Best for whom (and who should pick a different kind of wine outing)
You’ll probably enjoy this tour if you:
- want organic wine context beyond marketing
- enjoy learning in a structured way, but not at a rushed pace
- like the idea of tasting five wines with food pairing
- prefer a small-group atmosphere where you can ask questions
- are comfortable walking outdoors briefly between stops
You might want a different option if you:
- want a purely scenic drive-by with minimal walking
- dislike multi-wine tastings (you’ll taste five, plus food pairings)
- are looking for a full day of winery activities rather than a tight 2h30 framework
What to do after the tasting (so it doesn’t end at the cellar door)
Once you’ve tasted and learned the process, your next move in Siena is simple:
- pick one wine you can picture with a meal
- buy the bottle(s) that matched the sensory notes you enjoyed most
- save your notes mentally before you get too chatty with friends—your preferences will be clearer right after tasting
Also, if you’re planning other wine stops that day, don’t overbook.

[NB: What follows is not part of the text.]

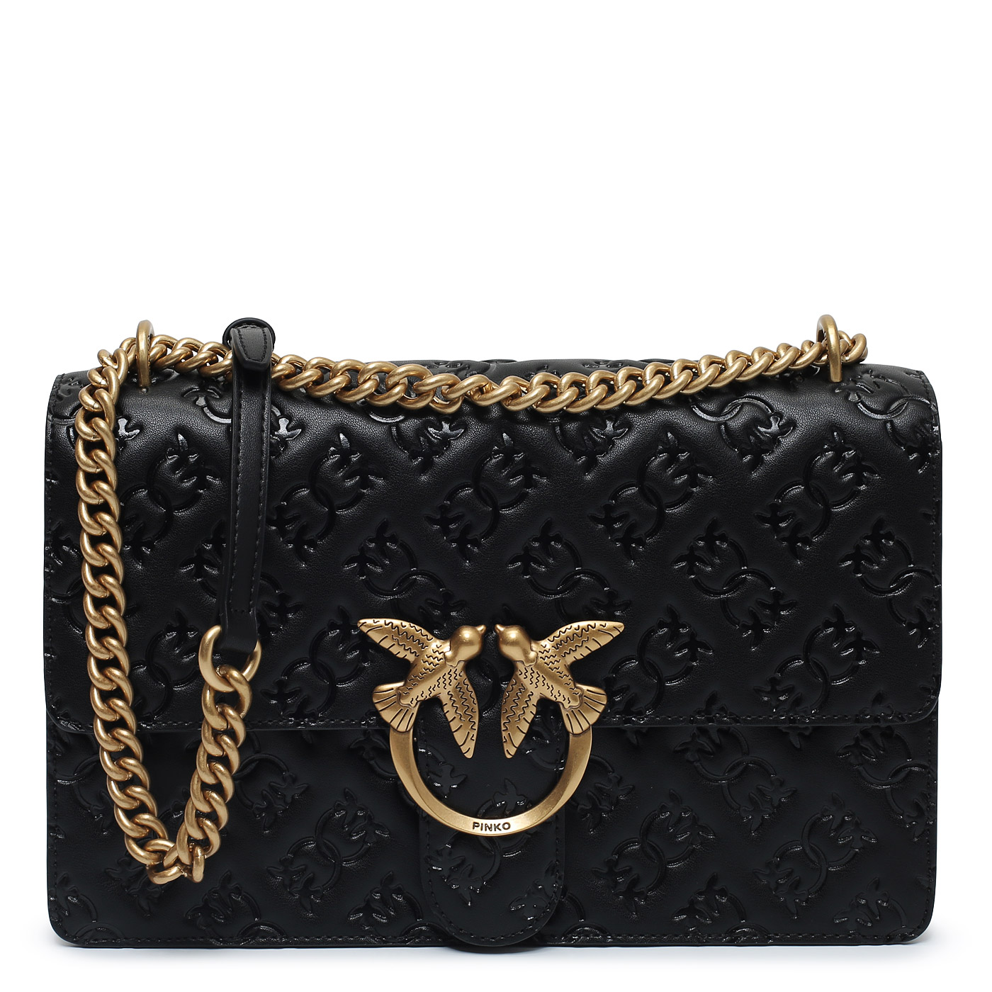 Сумка через плечо с цепочкой Pinko Love One 100941-A1YB/Z99Q_black - 2000558612425 черный натуральная кожа 27 x 16,5 x 7 Цена 43520 руб. купить в интернет-магазине PanChemodan.ru в Новосибирске

The best use of this tour is to treat it as your anchor learning experience—then let later tastings be fun, not confusing.
Should you book this Siena guided winery tour?
I’d book it if you want an afternoon that’s both educational and genuinely enjoyable, with a small-group feel and a tasting that includes food and Organic Extra Virgin Olive Oil. The structure—vineyard to cellar to tasting room—makes the learning feel logical, and the five-wine set gives you enough range to find what you actually like.
Skip it only if you’re chasing a low-key, mostly seated experience, or if a multi-wine tasting is more than you want in one go.
If you’re in Siena and you want a real Tuscan winery day without the big-tour vibe, Azienda Agricola La Lastra is the kind of outing that turns into a story you can tell later.
FAQ
What time does the Siena wine tour start?
The tour starts at 4:00 pm.
How long is the guided winery tour and wine tasting?
It runs for about 2 hours 30 minutes.
Where do we meet for the tour?
You meet at Azienda Agricola La Lastra, Str. della Befana, 2/A, 53100 Siena SI, Italy.
What language is the tour offered in?
The experience is offered in English.
How many wines will I taste?
You’ll taste 5 wines during the tasting room portion.
Is the tour small group?
Yes. It has a maximum of 12 travelers.
What’s included with the tasting?
The tasting includes five wines plus a seasonal product pairing and Organic Extra Virgin Olive Oil.
Is there a minimum age?
Yes, the minimum age is 18 years.
Do I need a printed ticket?
No. You’ll use a mobile ticket.
Can I get a full refund if I cancel?
Yes. Free cancellation is available if you cancel up to 24 hours in advance of the experience start time.